Component: Untriaged → General
Product: Firefox → SeaMonkey
Version: 52 Branch → unspecified
This happens is core code not comm-central code. The official builders are not affected. Thunderbird and SeaMonkey build using "gcc 4.9.4 + PR64905" See workaround: > can be worked around by using -O1.

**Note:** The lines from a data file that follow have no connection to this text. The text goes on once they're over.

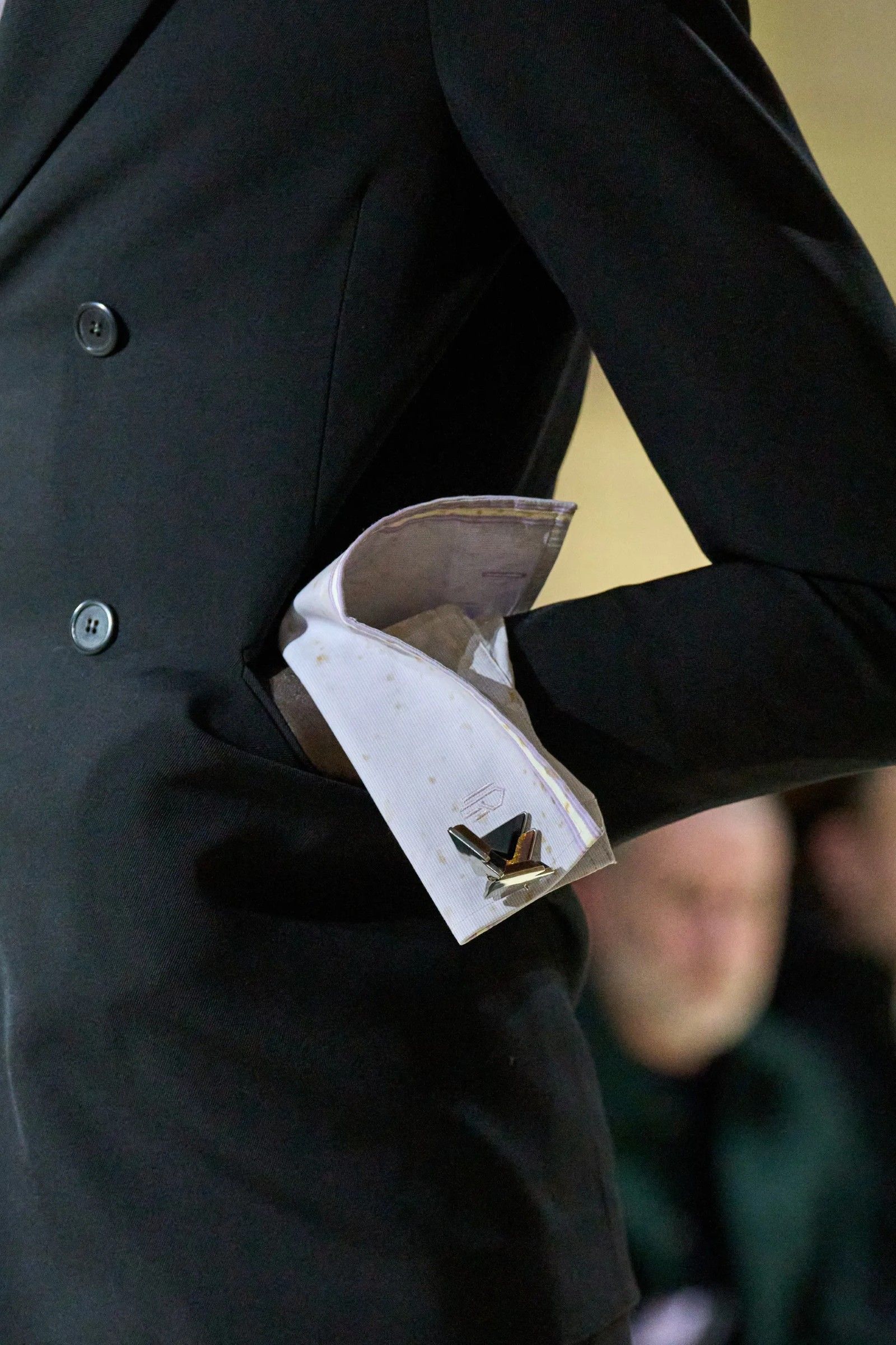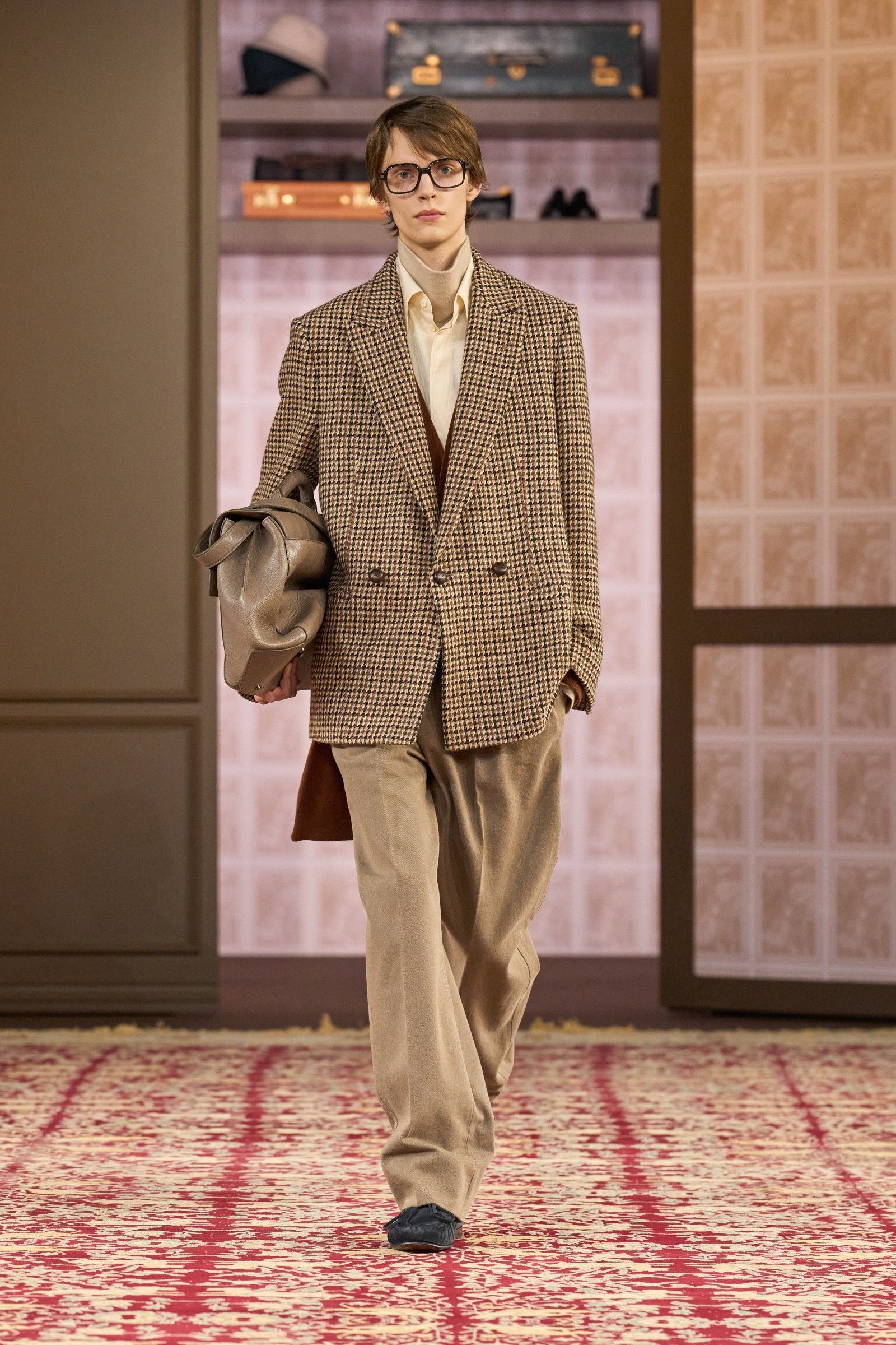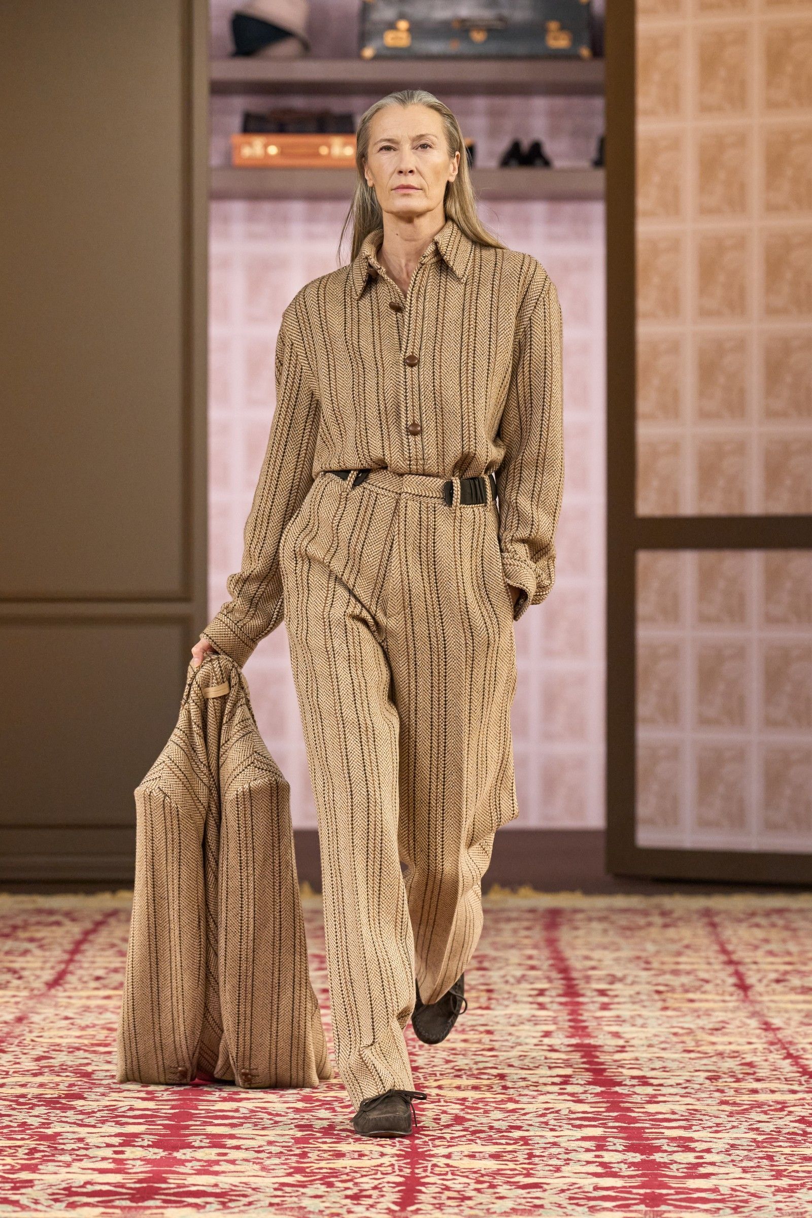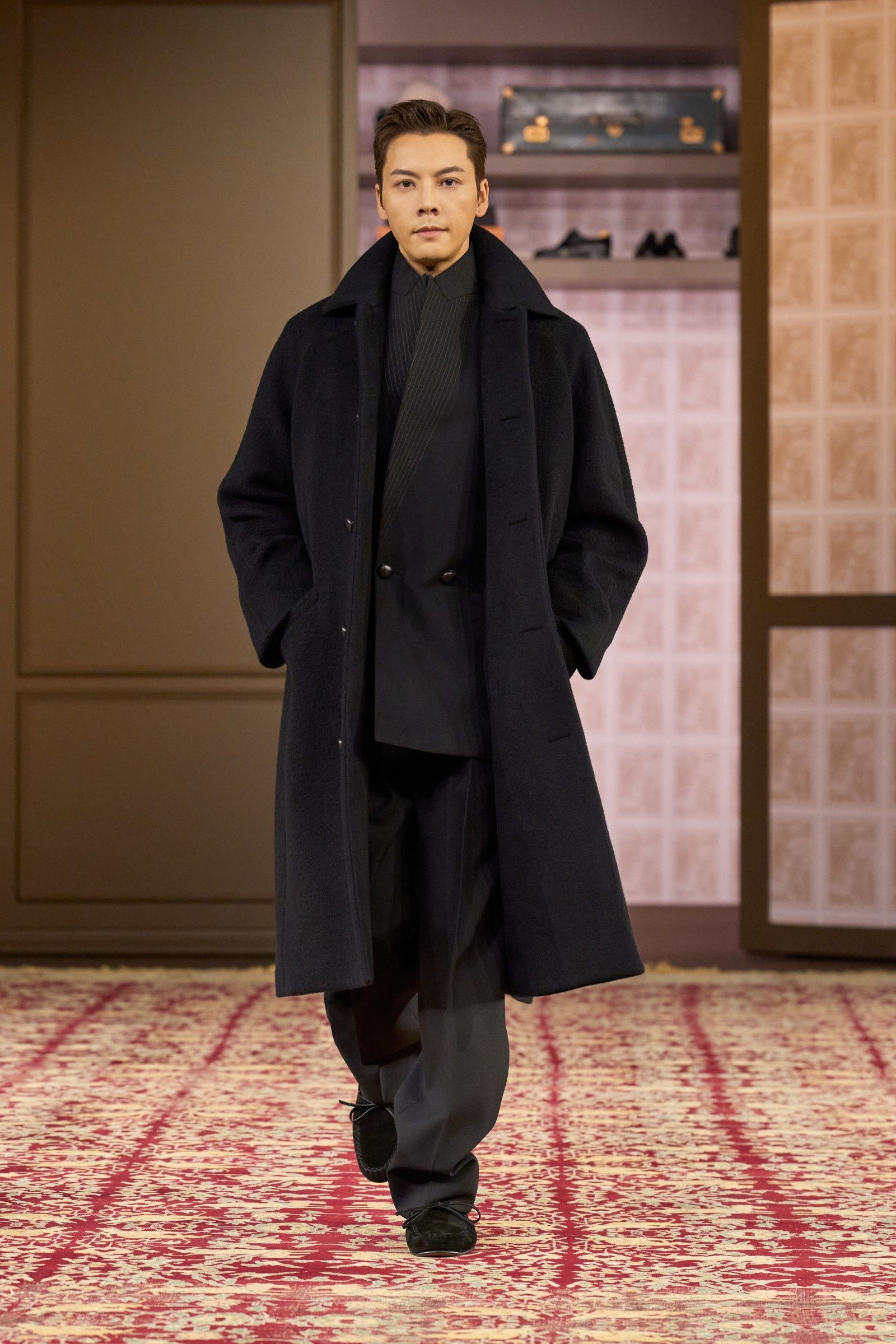 - Alessandro Sartori ha immaginato l’armadio delle generazioni Zegna come fonte di abiti che “sono venuti da lontano per andare lontano”, ha valorizzato materiali pregiati, sartoria eccellente e innovazione pratica, come la giacca con tre bottoni rotanti che ha brevettato poco prima della sfilata.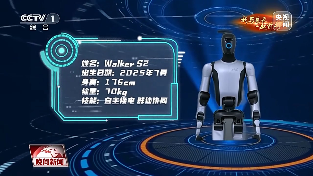 优必选科技首席品牌官 谭旻:机器人电量低于20%的时候,它就能够通过群体网络联网,找到工厂里面离它最近的一个充电桩,走过去进行三分钟之内的自主换电,从而实现24小时永不间断的新质生产力。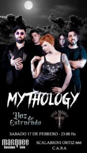 El pasado 17 de febrero de 2024 en El Marquee (Scalabrini Ortiz 666 C.A.B.A) ocurrió la primera presentación del año de la banda Mythology. Junto a los santafesinos de Único Recurso y los bonaerenses de Voz de Estruendo nos regalaron una noche-trasnoche con distintos condimentos musicales, pero con un horizonte bien definido: el heavy y el power metal.El comienzo fue con Voz de estruendo; una agrupación que viene con una gran supremacía desde el norte del conurbano con una trayectoria de más de 20 años dejando su sello propio en cada presentación siguiendo la línea clásica de la legendaria banda Renacer. Leonardo Gonzalez en la voz se encargó de llevarnos por distintos senderos musicales, desde el heavy metal a las chapas, rápido y contundente, a la faceta melódica para crear distintas atmósferas en la cual el público fue sumergido en ese lapso que duró la performance. Sin dudas, un eco de metal que trascendió en la noche.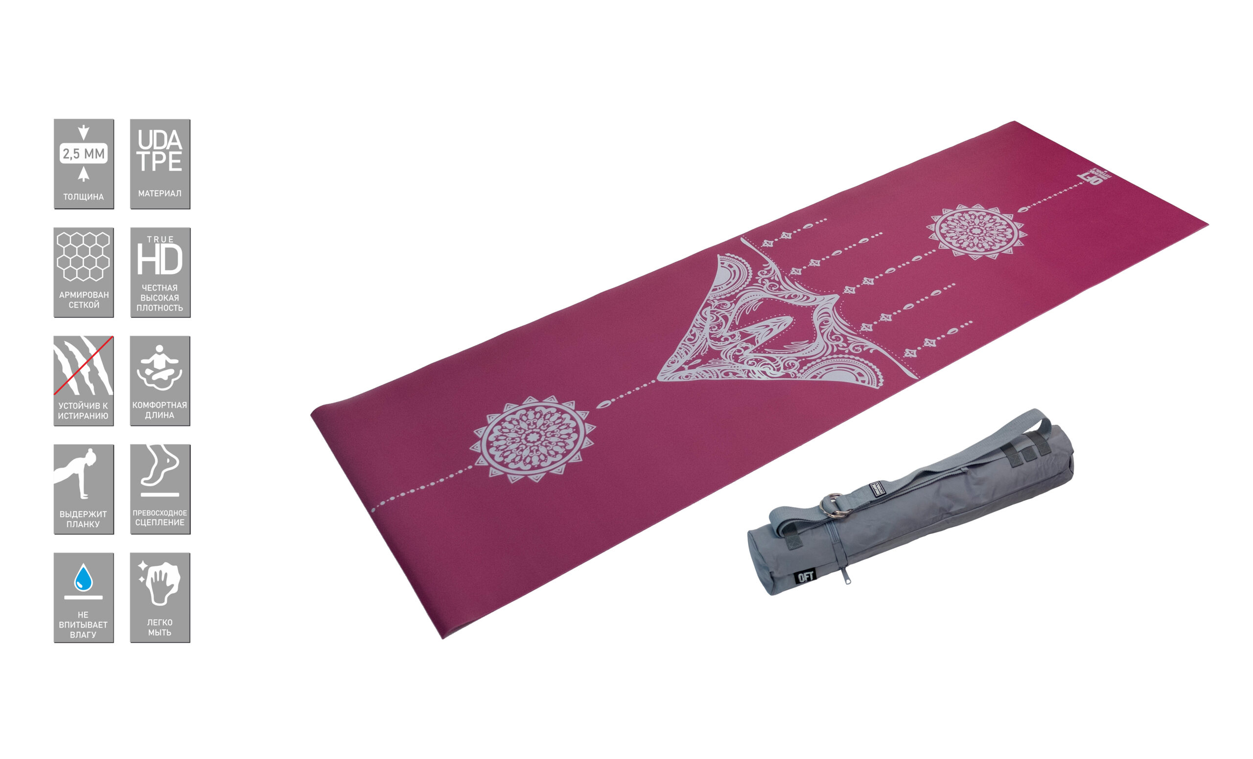 - Плотность: цилиндр OFT обладает высокой плотностью, что обеспечивает надежную твердость при выполнении интенсивных упражнений, не проминается со временем.
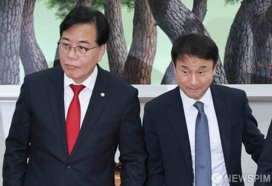 [서울=뉴스핌] 윤창빈 기자 = 한병도 더불어민주당 원내대표, 송언석 국민의힘 원내대표가 19일 서울 여의도 국회에서 회동에 앞서 기념촬영을 마치고 자리로 향하고 있다. 2026.01.19 pangbin@newspim.com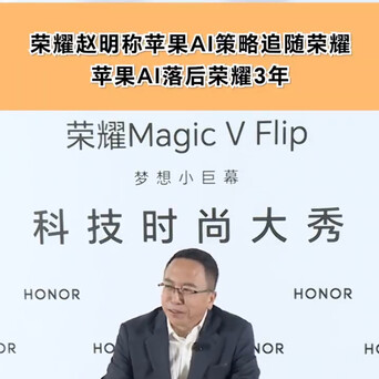 #荣耀赵明称苹果AI落后荣耀三年# 在昨天的荣耀Magic V Flip发布会后采访环节中,赵明表示,苹果在WWDC24上展示的AI理念是荣耀3年前所讲的和现在所做的。#荣耀赵明称苹果AI策略正在追随荣耀#

Component: General → Canvas: 2D
Product: SeaMonkey → Core
Version: unspecified → 52 Branch
Botond, anything pops out by code inspection that would let us alleviate this problem?
Flags: needinfo?(botond)
Priority: -- → P3
Whiteboard: [gfx-noted]
(In reply to Milan Sreckovic [:milan] from comment #2) > Botond, anything pops out by code inspection that would let us alleviate > this problem? Playing around with the reduced testcase here [1], I noticed that removing the use of __builtin_expect in RefPtr::operator-> makes the crash go away, so one workaround approach might be to do that. We probably wouldn't want to land a patch that does that, but Martin may be happy with applying one locally. [1] https://gcc.gnu.org/bugzilla/show_bug.cgi?id=68470#c2
Flags: needinfo?(botond)
I attached a proof-of-concept patch. Martin, could you apply it locally and check if it fixes the crash for you? The patch takes the heavy-handed approach of disabling use of __builtin_expect in the entire codebase for GCC < 6. If you're worried about the codegen impact of this, we could, with a bit more effort, scope the change to only RefPtr::operator->, or even just the use of RefPtr::operator-> in DrawTargetTiled::PopClip(). But we should verify that the approach works at all (i.e. solves the crash) first.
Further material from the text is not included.